Dust free and cool regions of Darjeeling could be utilized for promotion of Electronic and Software industry. Some tea industry based Electronic appliances identified by West Bengal Electronic Industry Development Corporation are, namely, Digital Thermometer, Electronic Pressure Gauge, Electronic Hygrometer, Sequential Timber, Electronic Thermometer, Automatic Temperature Controlling system, Multiple Peripheral Controller, Moisture Meter, Automatic Weighing system, Electronic Colour sawing system, Electronic Image Processing system.

The Concept of DTP (Desk Top Publishing) which has revolutionized the printing technology the world over, has opened a whole new world of innovative designing and publishing for the people engaged in printing, writing, designing, visualizing, advertising, commercial art etc. The burgeoning urban population in Siliguri, Kurseong, Kalimpong and Darjeeling is expected to make increasing demand on such sophisticated electronic media of printing.

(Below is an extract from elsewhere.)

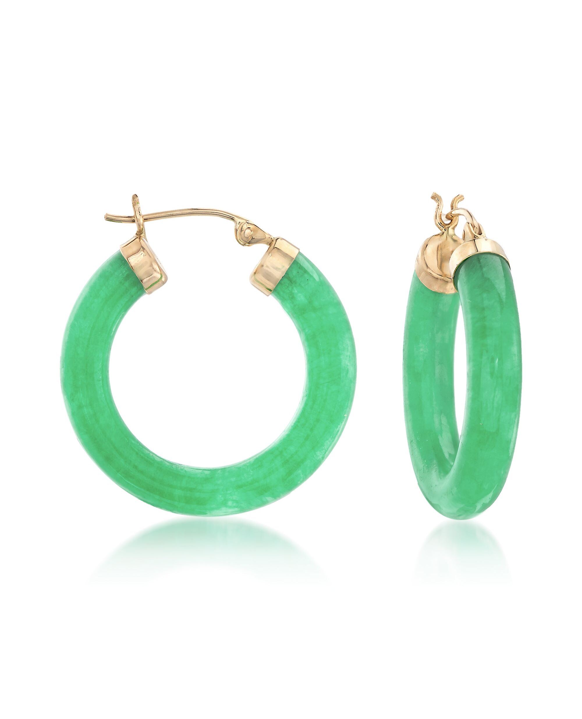 Ross-Simons Jade Hoop Earrings With 14kt Yellow Gold

TV Set Assembling TV Antenna Manufacturing has already seen quite a considerable number of profit making industrial enterprises in and around Siliguri. Similar enterprises could be set up in Darjeeling, K

Bio-fertilizer units have tremendous potential in view of adverse effects of chemical fertilizers on the quality fo tea in particular and other agricultural produce in general. There is also a possibility for processing the urban waste into organic manure which shall find ready market in the tea and other plantations. Siliguri Municipal Corporation area alone produces about 200 MT of garbage daily.

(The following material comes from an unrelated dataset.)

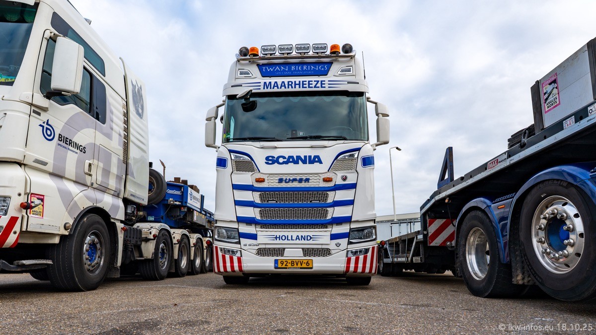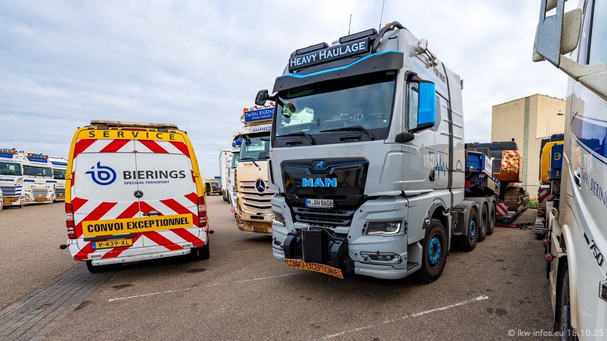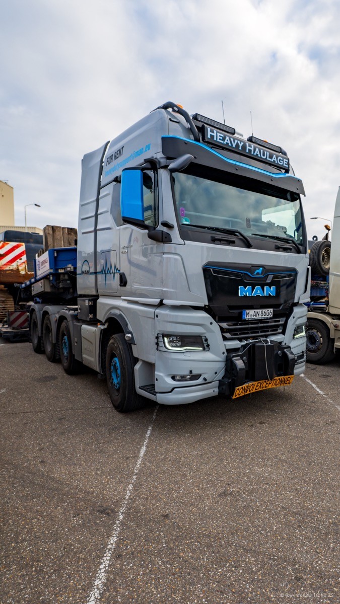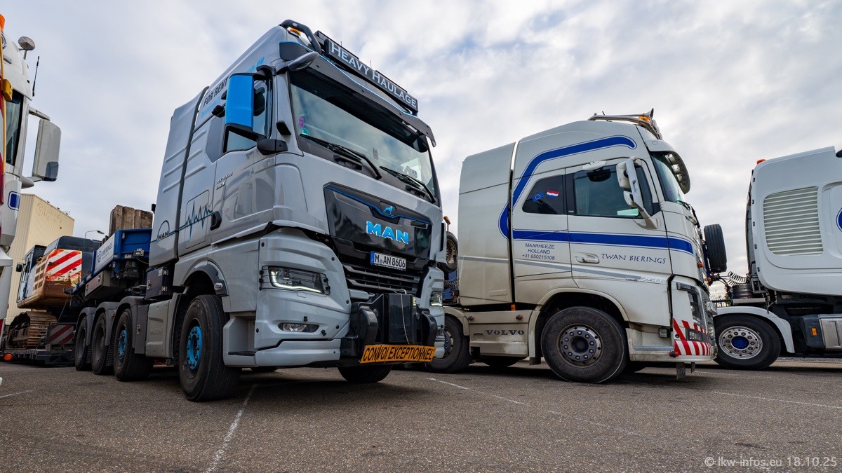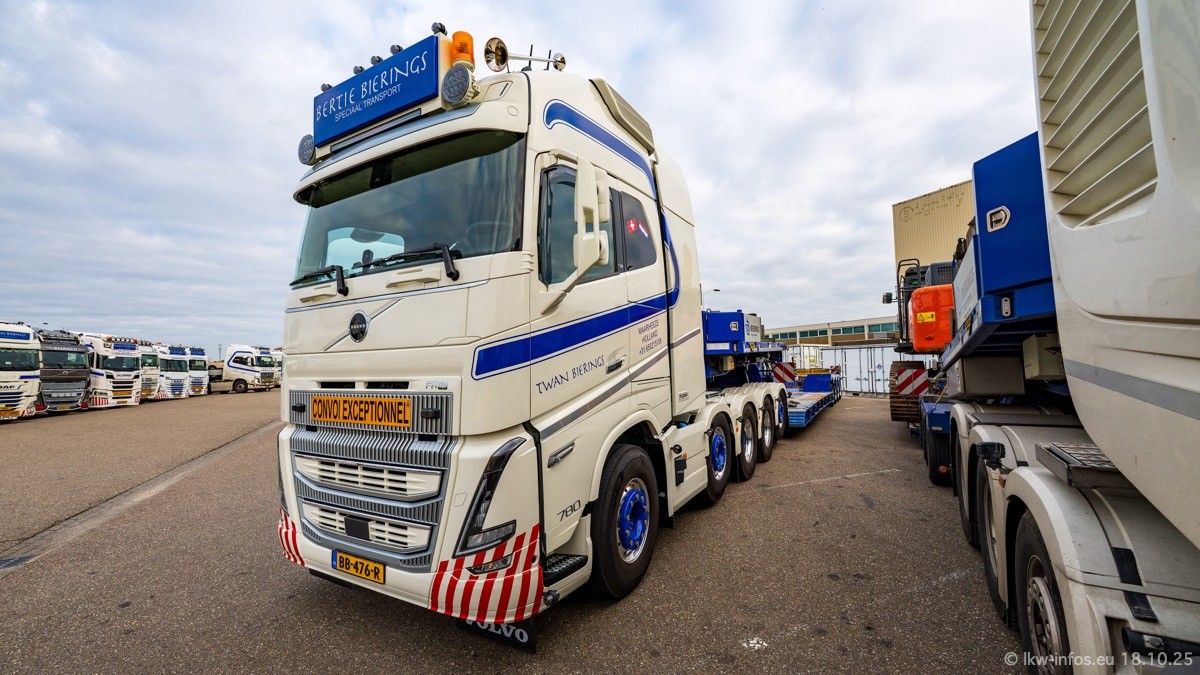 Diesmal waren fast alle LKW zuhause. Ganz neu ist ein VOLVO FH16 780 10x4, Kennzeichen BB-476-R.

Household consumables and consumer durables both can be produced at Siliguri in view of large distribution network which can be used for marketing of these products in eastern India.
As a result of growth of small and medium industry around Siliguri there is a possibility of setting up of units for manufacturing of industrial spares, consumables, lubricants, automobile spares and other such articles of replaceable nature.

SKILL BASED INDUSTRIES

The artisans of these districts create exquisite varieties of ornaments, carpets, household articles, handicrafts, and other articles, which are widely acclaimed. The traditional cottage industries also include woolen garments, and cane and bamboo work. These cottage and handicraft industries however need proper marketing support through purchase, organising of handicraft exhibitions, formation of societies and guilds etc.

TOURISM BASED INDUSTRIES

Darjeeling needs wayside resorts at places like Sukna, Mirik, Teesta, Malli, Kurseong etc. where travelers could halt for brief rest and refreshment.
Big size highway hotels, catering to corporate conference and seminars are required for attracting business travel.

The existing and proposed hotels and extend their services to the local clientele and weekend tourists through swimming pools, Golf courses, family resorts, hut clusters etc.
Organisation of craft meals, local folk cultural meets, flower shows, Himalayan Car Rally etc. at a fixed time in the year preferably in March, April and May by the resorts themselves would attract visitors from all over the country.

Conversion of depressions, marshy land etc. into shallow waters for attracting migratory birds and construction of small resorts and catering facilities around these sites will attract local parties, wedding, school children and weekend tourists.